For an update, it is much the same except we will add a file with the updated policy

And finally for a delete action we will just add a text file with the time stamp when it was deleted, we can’t query Microsoft Graph anymore because the policy is gone.

Your Logic App should look like this (linked for big)

Lastly, we just need to get Azure Sentinel to detect on any of these changes, so create a new analytics rule, with the following query.

AuditLogs
| where OperationName contains "conditional access policy"
| extend ConditionalAccessID = tostring(TargetResources[0].id)
| sort by TimeGenerated desc 
| project OperationName, ConditionalAccessID

Set it to run every 5 minutes, looking at the last 5 minutes of data and trigger an alert for each event (in case multiple policies are changed). For entity mappings, map them to account name and AAD User ID so that our Logic App flows properly when it is triggered.

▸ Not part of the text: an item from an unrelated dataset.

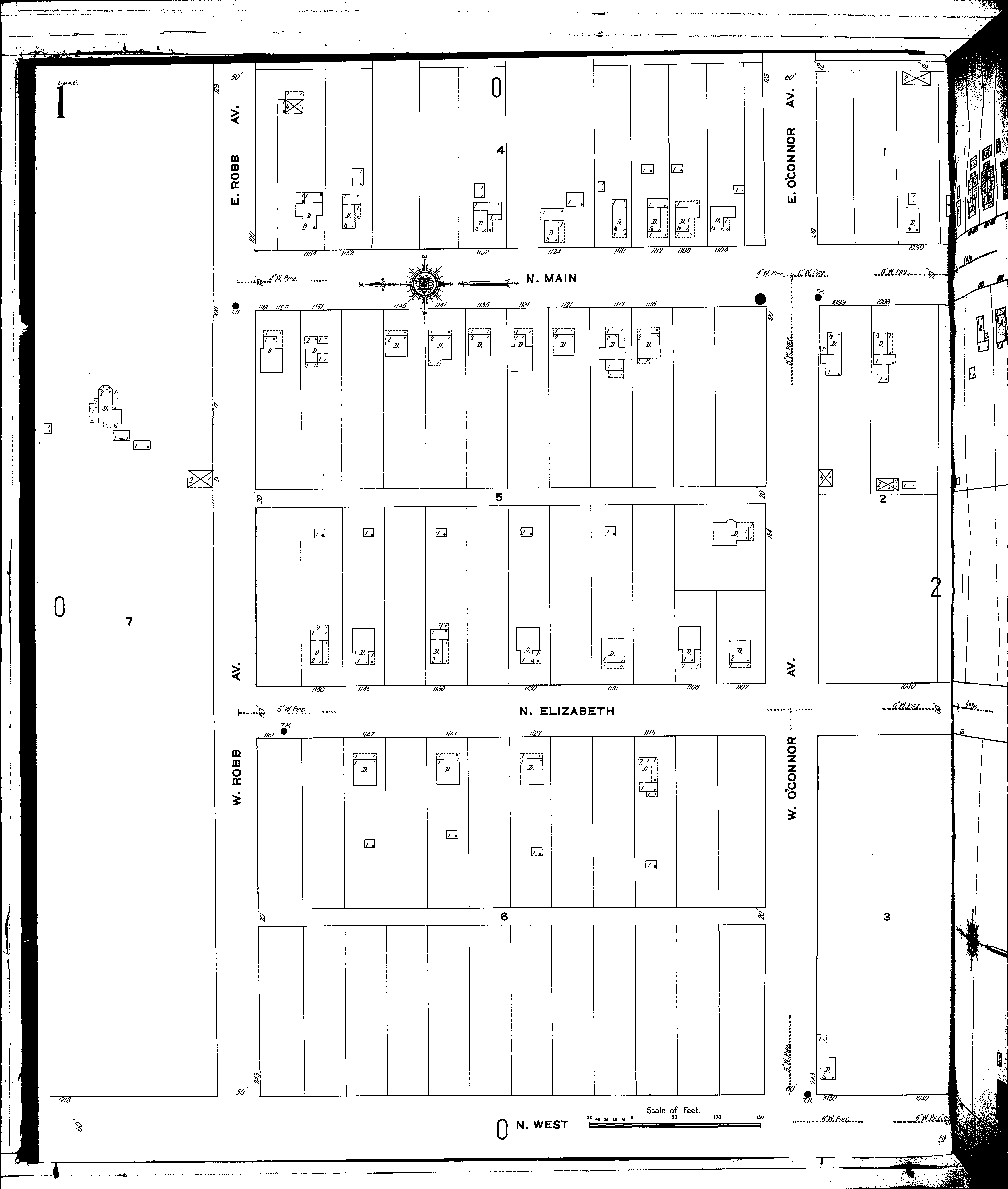 Streets: Elizabeth, N [1040-1161] Main, N [1090-1161] OConnor Ave., E [100-123] OConnor Ave., W [100-243] Robb Ave., E [100-123] Robb Ave., W [100-243] West, N [1040-1218]

Finally on the automated response tab under ‘Alert automation’ select the Logic App you just built. Now if you perform any of those actions you should see a lifecycle of a policy in its respective folder.

Just a couple of points-

  • Sentinel can only run every 5 minutes to search for alerts, even though it can trigger multiple times within that window. If a policy is changed, then changed again in 5 minutes when the Logic App runs it will just grab the latest update/current version.
  • If a policy is changed then deleted within 5 minutes then the changes before deletion won’t be available, because when the Logic App goes to retrieve the changes from Microsoft Graph the policy would have already been removed.

These are a couple of small trade offs to have a very inexpensive Logic App and a tiny amount of storage to backup your hard work though.